** Records drawn from a dataset **

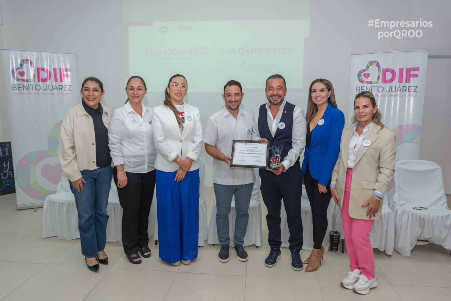 El presidente de la organización, el Lic. Sergio León, en representación de todos quienes forman parte de esta agrupación, recibió el reconocimiento de manos del Lic. Pablo Gutiérrez, Secretario General del H. Ayuntamiento de Benito Juárez, en representación de la Presidenta Municipal Lic. Ana Paty Peralta; y de la Lic. Marisol Sendo Rodríguez, directora general del DIF de Benito Juárez, en representación de la presidenta Honoraria del DIF Quintana Roo, Lic. Verónica Lezama.
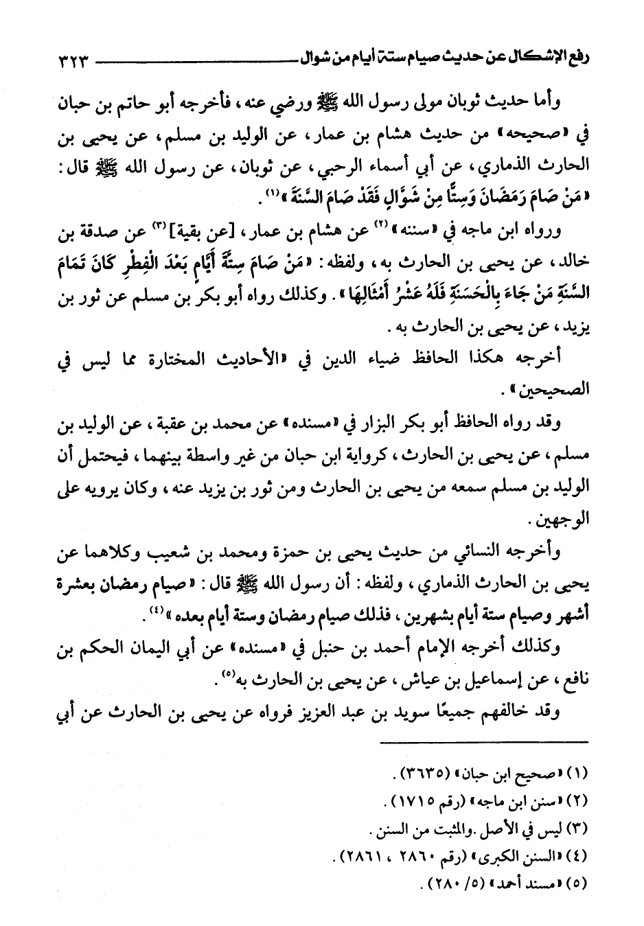 وأما حديث ثوبان مولى رسول اللَّه -صلى اللَّه عليه وسلم- ورضي عنه، فأخرجه أبو حاتم بن حبان في "صحيحه" من حديث هشام بن عمار، عن الوليد بن مسلم، عن يحيى بن الحارث الذماري، عن أبي أسماء الرحبي، عن ثوبان، عن رسول اللَّه -صلى اللَّه عليه وسلم- قال: "مَنْ صَامَ رَمَضَانَ وَسِتًّا مِنْ شَوَّالٍ فَقَدْ صَامَ السَّنَةً" (¬1).
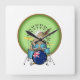 A funny cartoon illustration of a kiwi bird, playing drums, backed by a kiwi fruit. A design for drummers, or anyone who loves NZ music.
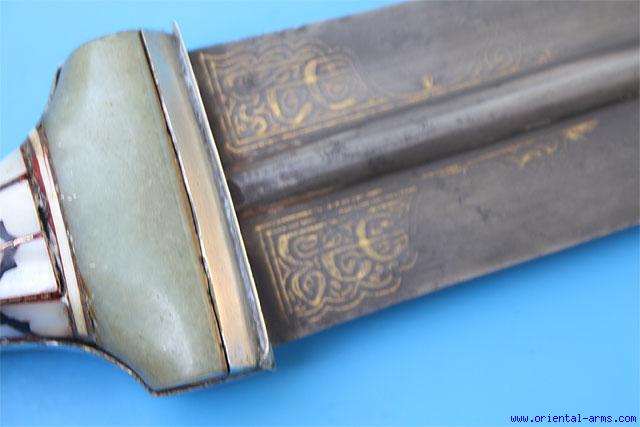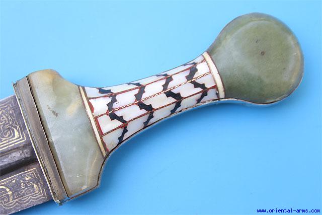 Very Good Indian Jambiya Dagger with Wootz Blade and Jadeite Handle -
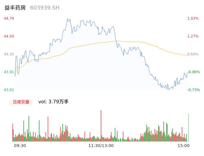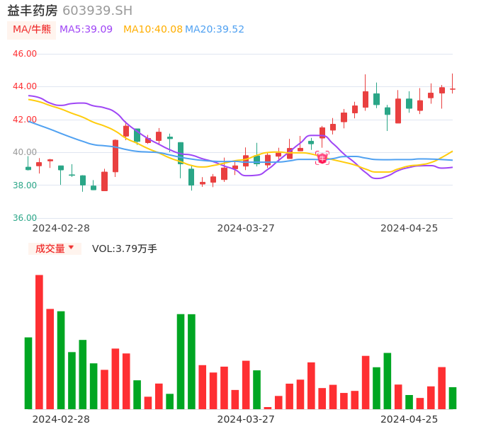 04月25日,益丰药房收报43.86,股价涨幅-0.18%,成交金额1.68亿元,换手率0.38%。
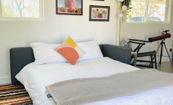 Kick back and relax in this calm, stylish space. Fully renovated and stocked with the essentials. Recharge outside on the private patio with cowboy soaking tub and shower. Relax in the hot tub under the stars. At night, lay in the hammocks and stargaze, or roast some marshmallows on the fire pit. Inside you'll find a super comfy Queen size bed, a dedicated workspace, and wifi for streaming. Modern kitchen is fully stocked, full-size W/D available for your use. RV hookups onsite for added fee.About pets:Pets allowed: dogs less than 50 lbs per pet (limit 2 pets total).About checkOut:Check out before 11:00 AM.About children:Children allowed: ages 0-17.About customRules:Outside quiet hours are 10pm - 8am.NO SMOKING indoors. There will be a $300 cleaning fee for violations..About checkIn:Check in after 4:00 PM.About smoking:Smoking is not permitted.About minBookingAge:Minimum age to rent: 18.About events:No events allowed.
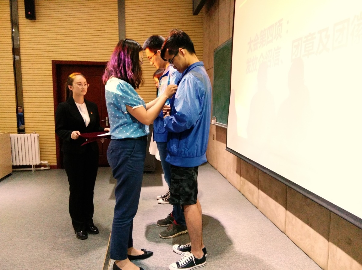 会议第四项,发放介绍信及团徽。团委书记王隽媛老师为学院三个不同专业班级的同学代表发放了介绍信及团徽,使大家深刻体会到作为共青团员的担当与使命。
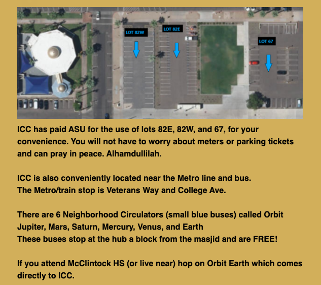 ICC has paid ASU for the use of lots 82E, 82W, and 67, for your convenience. You will not have to worry about meters or parking tickets and can pray in peace. Alhamdullilah.
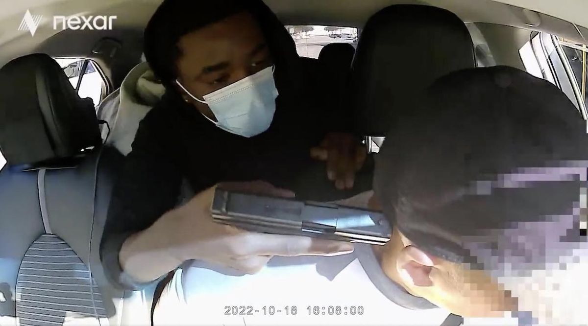 Video captured inside a vehicle in Houston shows a carjacker pressing a gun against an Uber driver's head and ordering him to "get out before I kill you!"
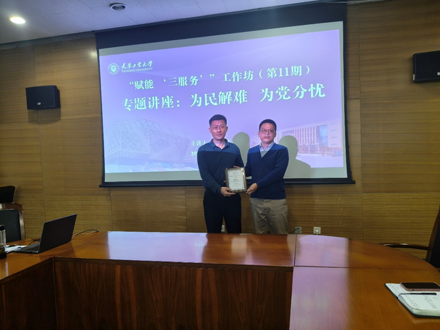 活动最后,党委办公室(校长办公室)副主任谢光勇为仵思伟颁发了工作坊纪念牌。
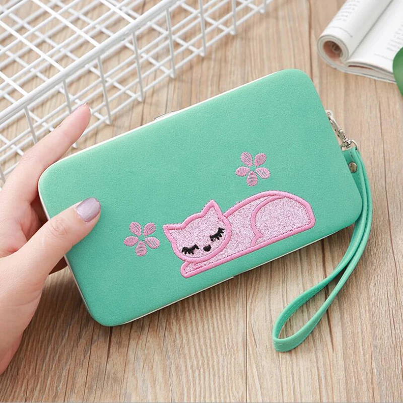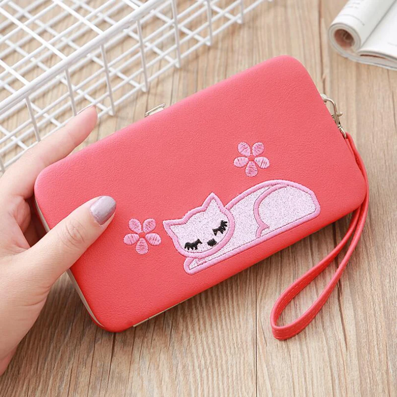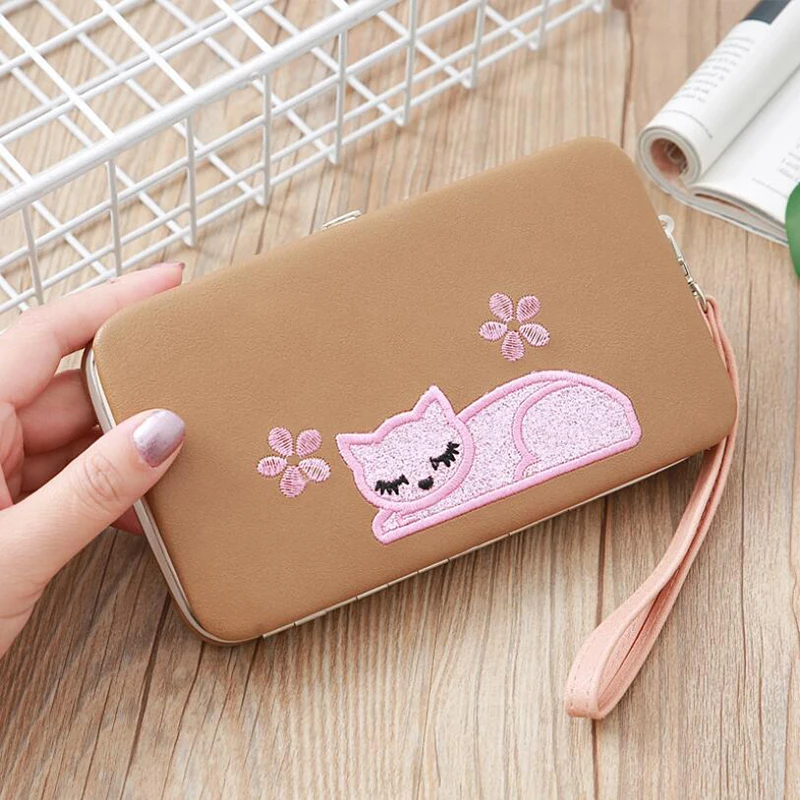 Новый мультяшный длинный женский кошелек с вышитым котом, Большой Вместительный клатч, классический стиль, Дамский кошелек, милый кошелек для карт
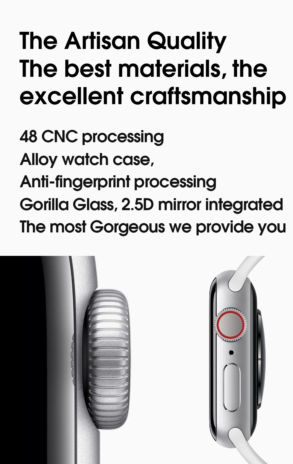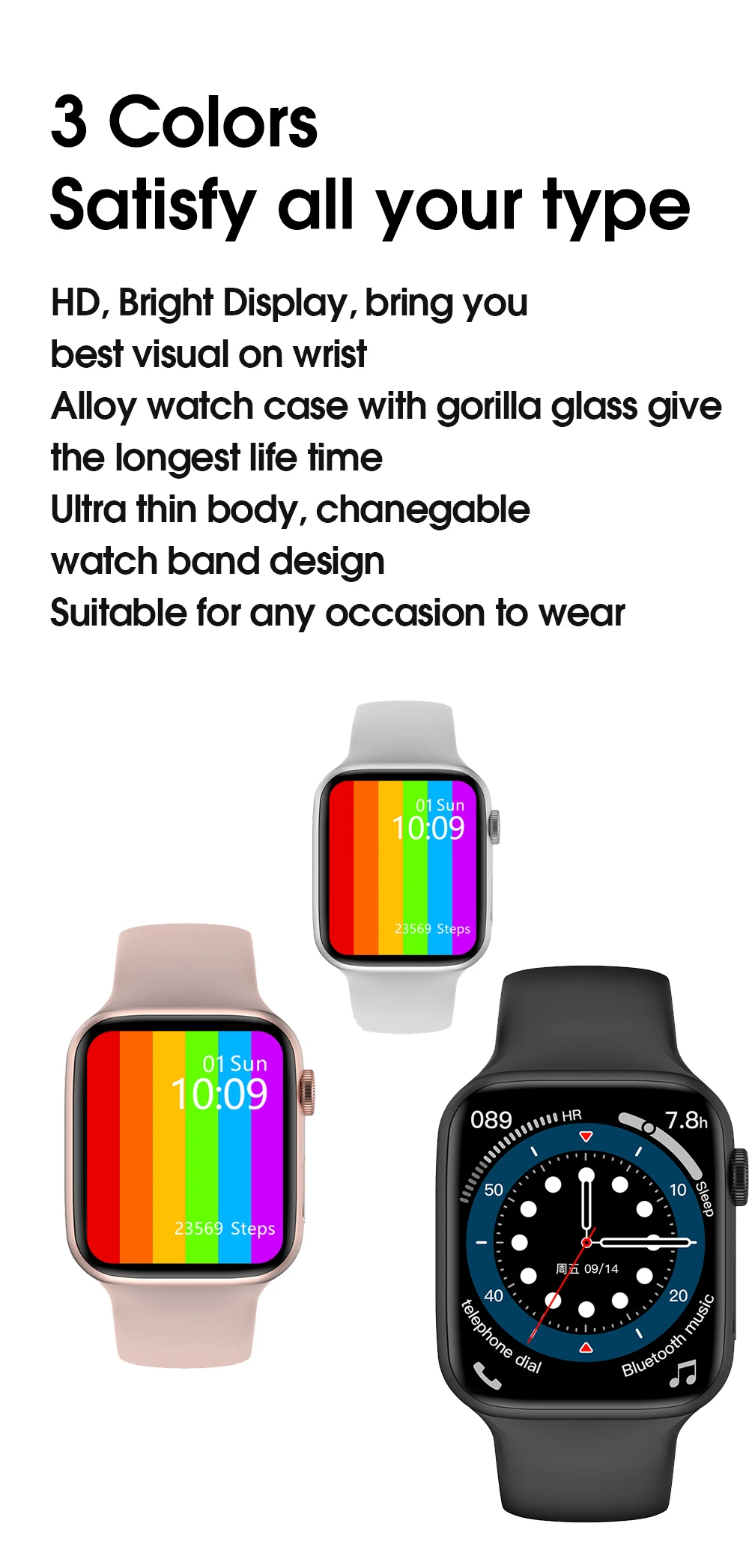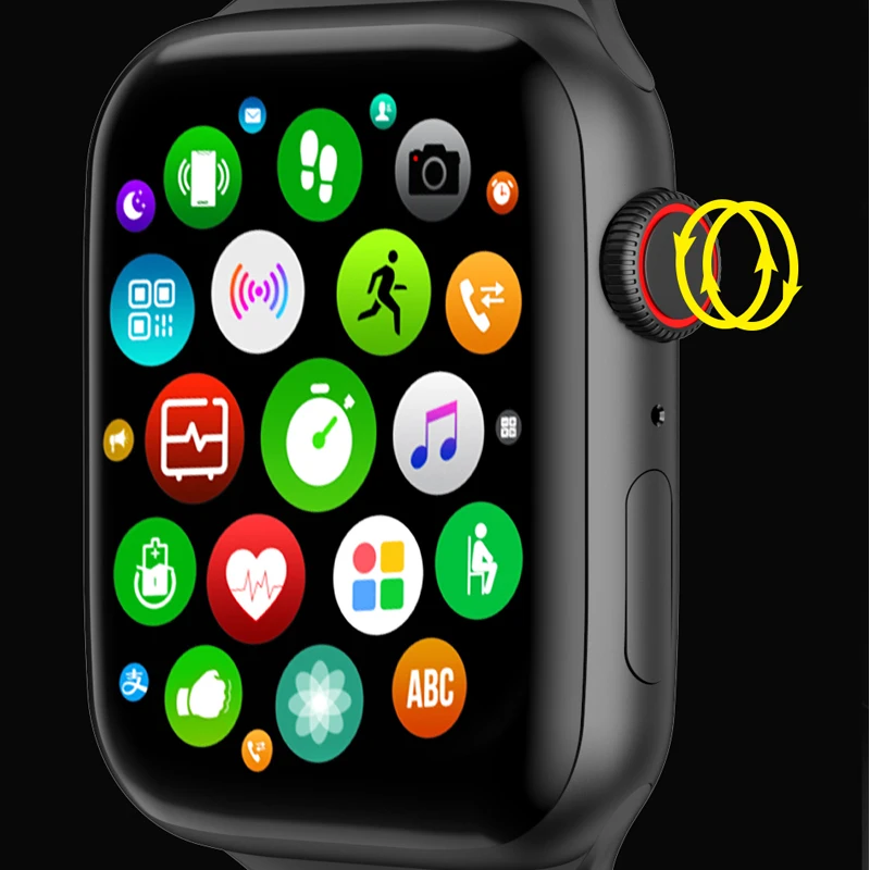 Bluetooth Вызов, загрузка циферблата, частота сердечных сокращений, ЭКГ, кровяное давление, шагомер, фрукты 6-го поколения Размер, сменный 44 мм ремешок, умное меню в стиле сот, девять квадратных сетки меню, IP68 водонепроницаемый, поворотная кнопка, Беспроводная зарядка

** Task statement **
Pictures stay out; reproduce every line of the records exactly.

** Response below **
 El presidente de la organización, el Lic. Sergio León, en representación de todos quienes forman parte de esta agrupación, recibió el reconocimiento de manos del Lic. Pablo Gutiérrez, Secretario General del H. Ayuntamiento de Benito Juárez, en representación de la Presidenta Municipal Lic. Ana Paty Peralta; y de la Lic. Marisol Sendo Rodríguez, directora general del DIF de Benito Juárez, en representación de la presidenta Honoraria del DIF Quintana Roo, Lic. Verónica Lezama.
 وأما حديث ثوبان مولى رسول اللَّه -صلى اللَّه عليه وسلم- ورضي عنه، فأخرجه أبو حاتم بن حبان في "صحيحه" من حديث هشام بن عمار، عن الوليد بن مسلم، عن يحيى بن الحارث الذماري، عن أبي أسماء الرحبي، عن ثوبان، عن رسول اللَّه -صلى اللَّه عليه وسلم- قال: "مَنْ صَامَ رَمَضَانَ وَسِتًّا مِنْ شَوَّالٍ فَقَدْ صَامَ السَّنَةً" (¬1).
 A funny cartoon illustration of a kiwi bird, playing drums, backed by a kiwi fruit. A design for drummers, or anyone who loves NZ music.
 Very Good Indian Jambiya Dagger with Wootz Blade and Jadeite Handle -
 04月25日,益丰药房收报43.86,股价涨幅-0.18%,成交金额1.68亿元,换手率0.38%。
 Kick back and relax in this calm, stylish space. Fully renovated and stocked with the essentials. Recharge outside on the private patio with cowboy soaking tub and shower. Relax in the hot tub under the stars. At night, lay in the hammocks and stargaze, or roast some marshmallows on the fire pit. Inside you'll find a super comfy Queen size bed, a dedicated workspace, and wifi for streaming. Modern kitchen is fully stocked, full-size W/D available for your use. RV hookups onsite for added fee.About pets:Pets allowed: dogs less than 50 lbs per pet (limit 2 pets total).About checkOut:Check out before 11:00 AM.About children:Children allowed: ages 0-17.About customRules:Outside quiet hours are 10pm - 8am.NO SMOKING indoors. There will be a $300 cleaning fee for violations..About checkIn:Check in after 4:00 PM.About smoking:Smoking is not permitted.About minBookingAge:Minimum age to rent: 18.About events:No events allowed.
 会议第四项,发放介绍信及团徽。团委书记王隽媛老师为学院三个不同专业班级的同学代表发放了介绍信及团徽,使大家深刻体会到作为共青团员的担当与使命。
 ICC has paid ASU for the use of lots 82E, 82W, and 67, for your convenience. You will not have to worry about meters or parking tickets and can pray in peace. Alhamdullilah.
 Video captured inside a vehicle in Houston shows a carjacker pressing a gun against an Uber driver's head and ordering him to "get out before I kill you!"
 活动最后,党委办公室(校长办公室)副主任谢光勇为仵思伟颁发了工作坊纪念牌。
 Новый мультяшный длинный женский кошелек с вышитым котом, Большой Вместительный клатч, классический стиль, Дамский кошелек, милый кошелек для карт
 Bluetooth Вызов, загрузка циферблата, частота сердечных сокращений, ЭКГ, кровяное давление, шагомер, фрукты 6-го поколения Размер, сменный 44 мм ремешок, умное меню в стиле сот, девять квадратных сетки меню, IP68 водонепроницаемый, поворотная кнопка, Беспроводная зарядка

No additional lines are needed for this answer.